Au Burkina Faso, la disparition de deux journalistes et de trois magistrats fait craindre une dérive autoritaire sous le régime du capitaine Ibrahim Traoré. Selon plusieurs sources, ces personnes auraient été enlevées par des agents présumés du renseignement avant de disparaître. L’affaire, inédite par son ampleur, ébranle la presse et la justice burkinabè, déjà sous pression. Reporters sans frontières et plusieurs ONG dénoncent une répression systématique des voix critiques.
La disparition de deux journalistes et de trois magistrats a ravivé les inquiétudes sur l’état des libertés sous le régime du capitaine Ibrahim Traoré. Lundi 13 octobre, plusieurs interpellations ont été signalées dans la capitale Ouagadougou. Selon diverses sources judiciaires et médiatiques, ces personnes ont été embarquées par des individus se présentant comme des agents de l’Agence nationale du renseignement (ANR) avant de disparaître.
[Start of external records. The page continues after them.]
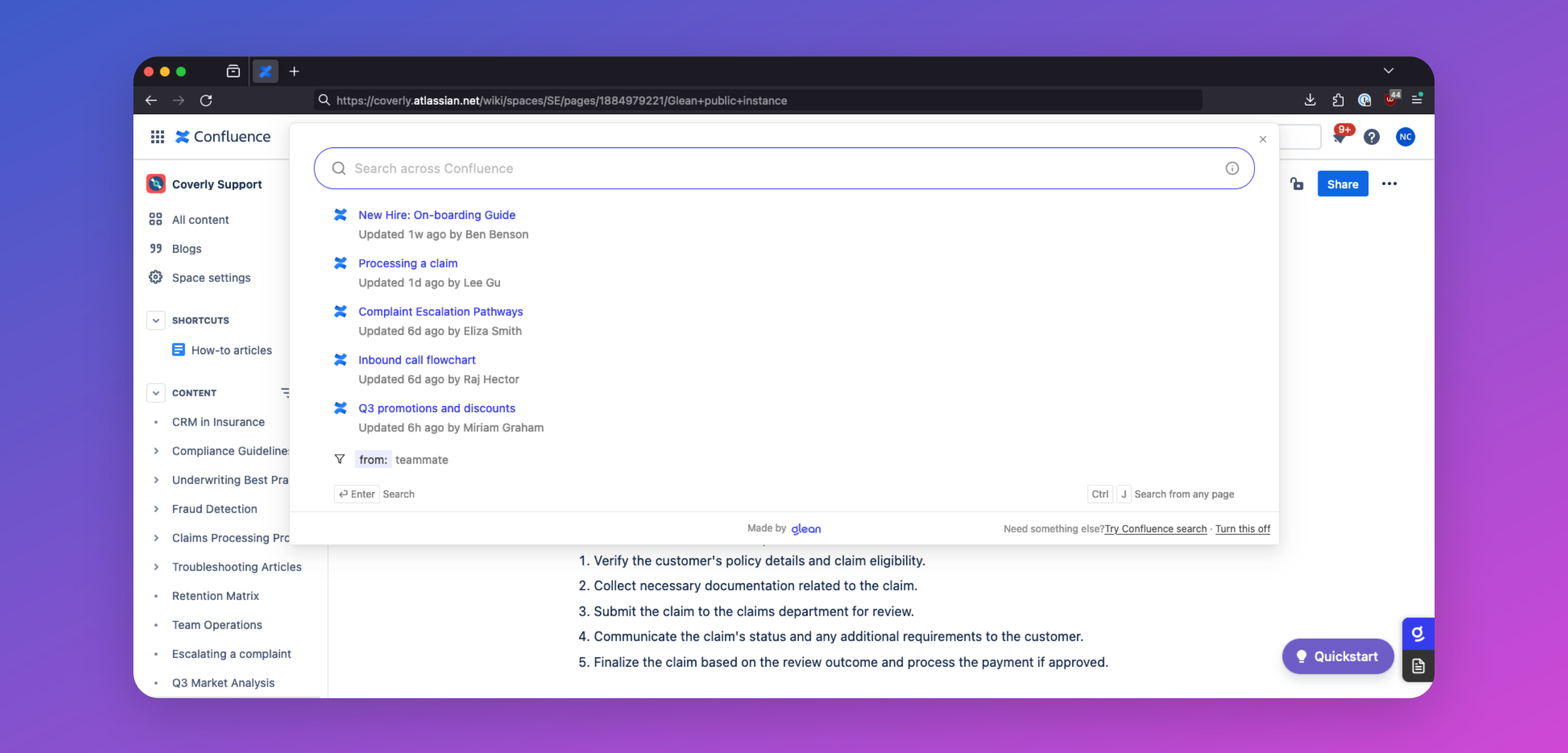 Glean can make searches within other apps better! Clicking or focusing the native search box on certain company-connected apps (like Jira, Confluence, and Google Drive) opens Glean search instantly in a modal dialog where typing continues to get Glean's more relevant results.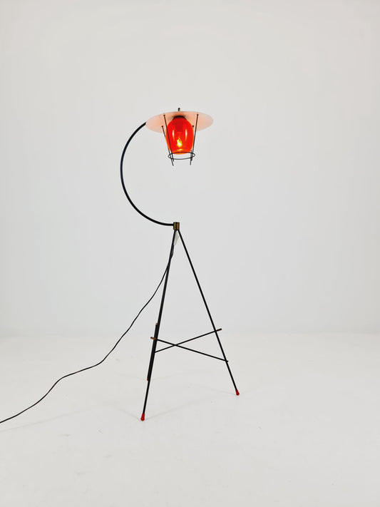 Mid century Tripod Italian floor lamp Red Glas & Brass Details 1950s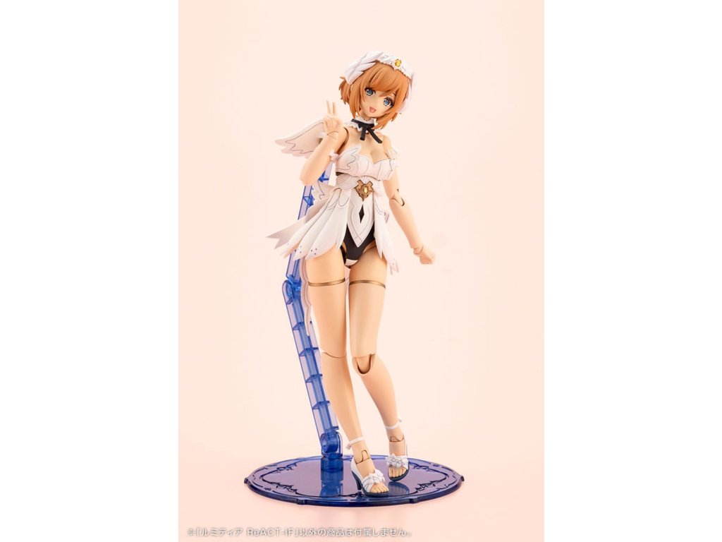 Az ARCANADEA sorozatból érkezik az angyali alakú Kedvesek, Lumitea, új ruhában! A modell egy "iF" környezetben mutatja őt a szokásos fantáziaruha helyett hétköznapi ruhájában. A csomagban négy újonnan faragott arcrész, köztük egy kacsintás, valamint dupla csuklós karok és lábak találhatók, amelyek kombinálhatók a normál Lumitea modellel. A hosszú szoknya egy darabból készült, tiszta fehér színben, az átlátszó anyagot utánozva, amely a rövid szoknya megjelenéséhez le is vehető. A modellben elhelyezett 3 mm-es csatlakozó ízületek lehetővé teszik a Kotobukiya eredeti sorozatának különböző modelljeihez való igazodást. A modell Lumitea egy teljesen új változatát hozza el, amelyet a videojátékokban és a Vtuberen szereplő karakterterveiről is ismert népszerű illusztrátor, necömi tervezett és felügyelt. A készlet számos további tartozékot és funkciót tartalmaz, többek között előre nyomtatott arcokat, különböző szoknyákat, cserélhető kar- és lábrészeket, 11 féle PVC kézalkatrészt, bónusz alkatrészeket, széles mozgástartományt, HEXA G-R.A. csatlakozókat.M. a modell hátulján, kompatibilitás az M.S.G, Frame Arms és Frame Arms Girl sorozat alkatrészeivel, ülőpóz, matricák a különböző arckifejezések létrehozásához, speciális állvány és nyakrészek a Frame Arms Girl és Megami Device sorozat fejeinek összekapcsolásához.Kiegészítő paraméterek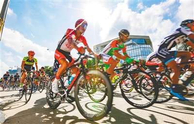 环岛赛参赛车手在第三赛段中顶着烈日骑行。 本报记者 陈元才 摄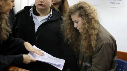 Acaba de cumplir 17 años en la celda y ya es una prisionera célebre. Lleva casi dos meses entre rejas, a la espera de que este martes se iniciara su juicio en un tribunal militar en la sala de vistas del penal de Ofer, a las afueras de Ramala, en Cisjordania bajo ocupación militar. Sobre su cabeza salida de un lienzo de Botticelli pesan 12 acusaciones de asalto, desacato a las tropas e incitación a la violencia en las redes sociales, entre otros cargos. La justicia castrense, que ha ordenado que la vista se desarrolle a puerta cerrada para la prensa y el cuerpo diplomático, puede imponerle una condena de hasta 10 años de cárcel. Pero Ahed Tamimi se ha convertido ya en símbolo de resistencia para los palestinos. Su detención por Israel, precisamente, la ha dado a conocer a escala global. El juicio ha sido aplazado hasta el 11 de marzo: la adolescente de la melena pelirroja tendrá que permancer otro mes más encarcelada.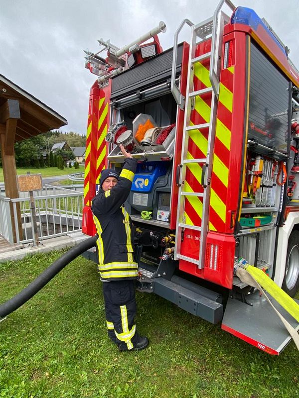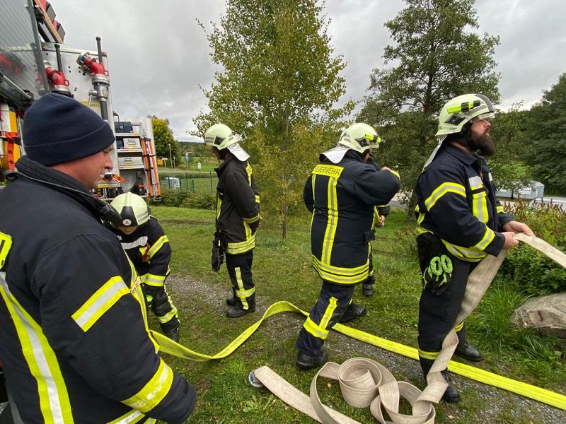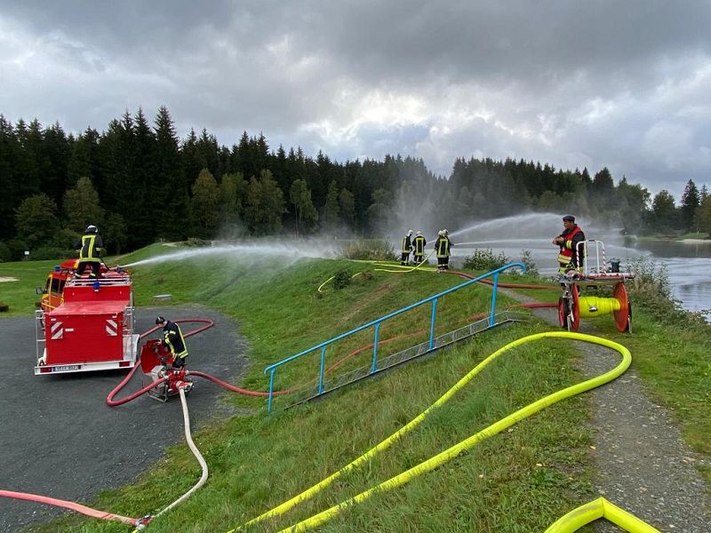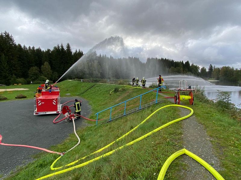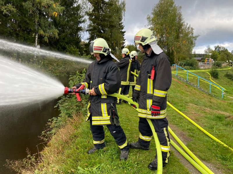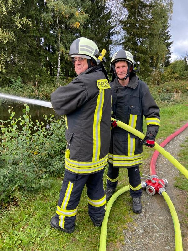 Nach "gefühlt" Monaten geprägt von Terminen des Feuerwehr - Vereines konnten sich die Kameradinnen und Kameraden endlich mal wieder ihrer ursächlichen Ambition, dem Feuerwehrdienst widmen. Und man hat es ihnen angemerkt, mit welcher Begeisterung der eine oder andere an die sache ging! Ort des Geschehens war der Ortsteil Muldenberg. Es galt über die vorbereitete Löschwasserentnahmestelle am Muldenteich, dem Auslaufbauwerk der Muldenberger Talsperre, eine Löschwasserversorgung zu installieren und stabil zu betreiben.

Des journalistes emmenés vers une destination inconnue
Alors qu’il s’apprêtait à diriger la conférence de rédaction quotidienne, Ousséni Ilboudo, directeur des rédactions de L’Observateur Paalga, a été interpellé par des hommes en civil. Le journal a annoncé sur sa page Facebook que son responsable avait été « embarqué à bord d’une fourgonnette vers une destination inconnue ». Depuis, plus aucune nouvelle.
Peu avant, Michel Wendpouiré Nana, rédacteur en chef adjoint du quotidien Le Pays, avait lui aussi été enlevé, selon un de ses proches. Les deux journaux, piliers de la presse indépendante burkinabè, dénoncent une opération d’intimidation visant à museler la liberté d’expression.
L’organisation Reporters sans frontières (RSF) a immédiatement condamné ces interpellations, exigeant la libération des journalistes disparus. « Plus rien ne semble désormais freiner les autorités militaires, qui poursuivent leur entreprise de démantèlement de la liberté de la presse », a réagi Sadibou Marong, directeur du bureau Afrique subsaharienne de RSF.
Trois magistrats « disparus » à leur tour
L’affaire ne s’arrête pas aux médias. Trois magistrats de la cour d’appel de Ouagadougou ont également été « enlevés » ou sont « portés disparus » depuis la fin de la semaine dernière. Parmi eux, Urbain Méda, connu pour avoir présidé des audiences lors du procès historique de l’assassinat du président Thomas Sankara.
Deux autres magistrats, Benoît Zoungrana et Seydou Sanou, ont respectivement été enlevés et portés disparus entre vendredi et dimanche. Une source judiciaire évoque également la disparition de l’avocat Arnaud Sempébré, dont les proches sont sans nouvelles. C’est la première fois que des magistrats sont ainsi enlevés au Burkina Faso, marquant un tournant inquiétant pour la justice et l’État de droit.
Un climat de peur sous le régime Traoré
Depuis son arrivée au pouvoir en septembre 2022, à la suite d’un coup d’État, le capitaine Ibrahim Traoré est régulièrement accusé de dérives autoritaires. Plusieurs journalistes, activistes et opposants ont été arrêtés ou mobilisés de force sur le front contre les groupes djihadistes.
Ces pratiques, souvent justifiées par la lutte contre la « désinformation » ou les « tentatives de déstabilisation », sont dénoncées par les défenseurs des droits humains comme une instrumentalisation des menaces sécuritaires pour étouffer toute critique. La disparition simultanée de journalistes et de magistrats, symboles de la liberté de la presse et de l’indépendance judiciaire, illustre la gravité du climat répressif qui s’installe dans le pays des hommes intègres.
Une communauté internationale silencieuse
Malgré les protestations d’ONG et de médias, la communauté internationale reste discrète. Aucun communiqué officiel n’a été émis à ce jour par les partenaires du Burkina Faso, notamment l’Union africaine ou la CEDEAO.
Pour de nombreux observateurs, cette série d’enlèvements marque une nouvelle étape dans la consolidation d’un pouvoir militaire de plus en plus opaque, où la peur remplace le débat et où la liberté d’informer devient un risque majeur.